As the answer, give exactly the lines of the records below from the one with "그 외 박람회 관련 사항은 AI 디지털교과서 홈페이지에서 확인하세요" through the one with "2025 새로운 알루미늄", ends included and pictures left out.

DATA FOR ANALYSIS —
-- Opening Marker --
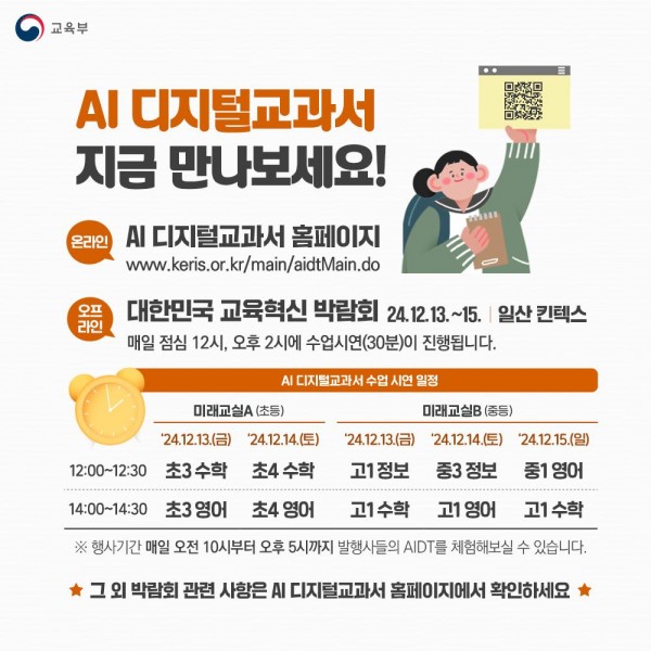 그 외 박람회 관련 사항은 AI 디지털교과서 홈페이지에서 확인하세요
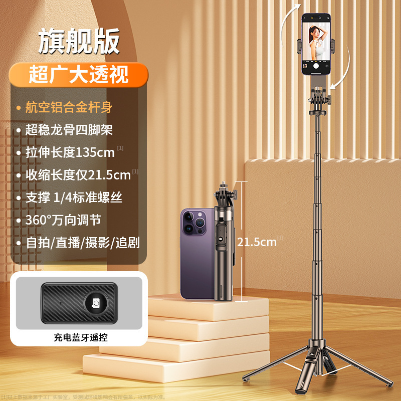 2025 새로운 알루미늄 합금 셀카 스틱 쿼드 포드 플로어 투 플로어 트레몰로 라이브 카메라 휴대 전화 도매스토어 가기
-- Closing Marker --
-- Opening Marker --
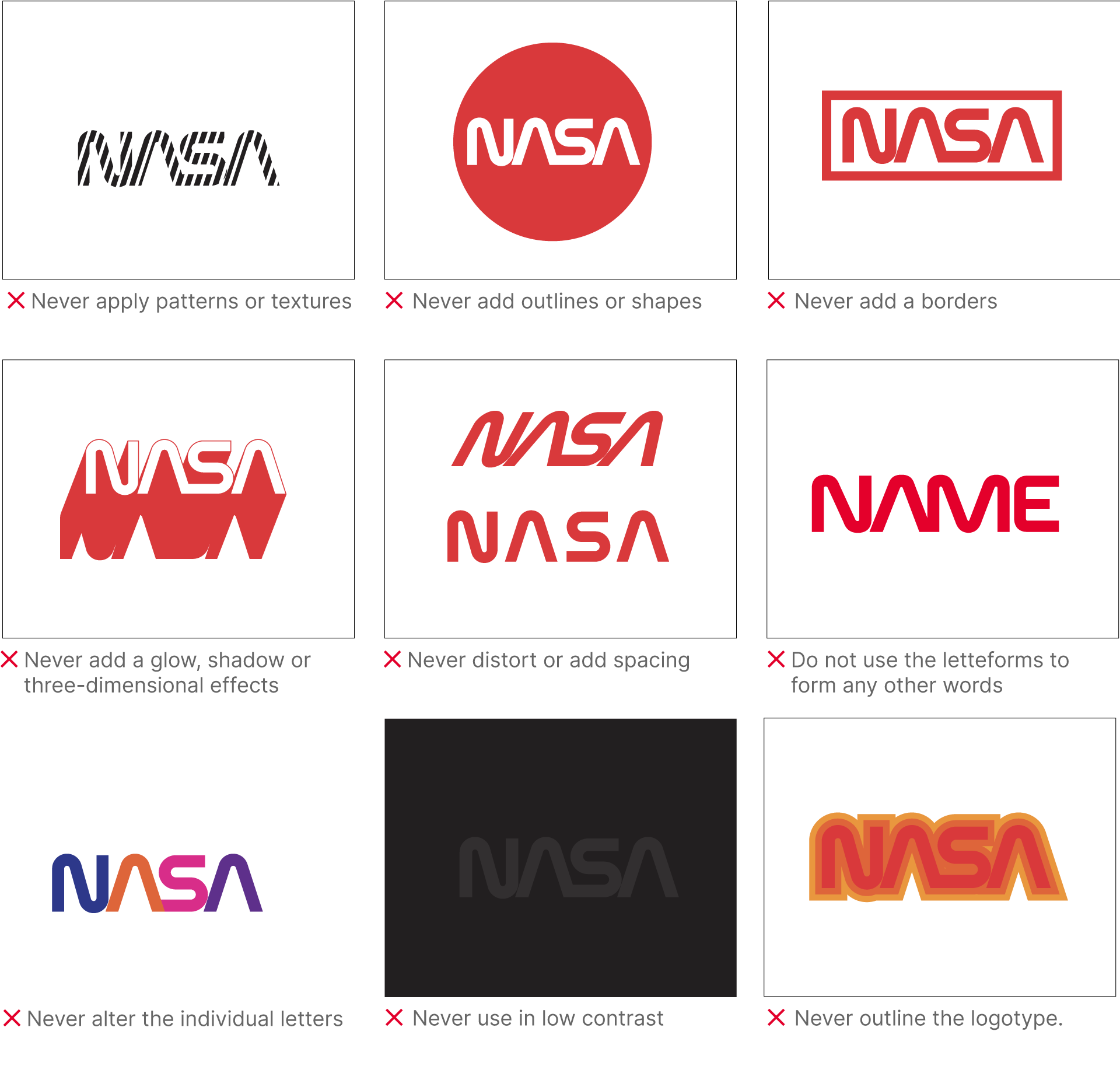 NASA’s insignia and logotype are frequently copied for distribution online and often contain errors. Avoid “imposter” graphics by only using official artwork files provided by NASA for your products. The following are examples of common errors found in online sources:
-- Closing Marker --
-- Opening Marker --
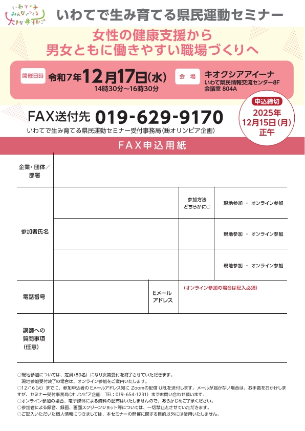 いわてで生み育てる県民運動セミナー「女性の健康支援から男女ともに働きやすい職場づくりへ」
-- Closing Marker --
THE COMPLETED TASK —
 그 외 박람회 관련 사항은 AI 디지털교과서 홈페이지에서 확인하세요
 2025 새로운 알루미늄 합금 셀카 스틱 쿼드 포드 플로어 투 플로어 트레몰로 라이브 카메라 휴대 전화 도매스토어 가기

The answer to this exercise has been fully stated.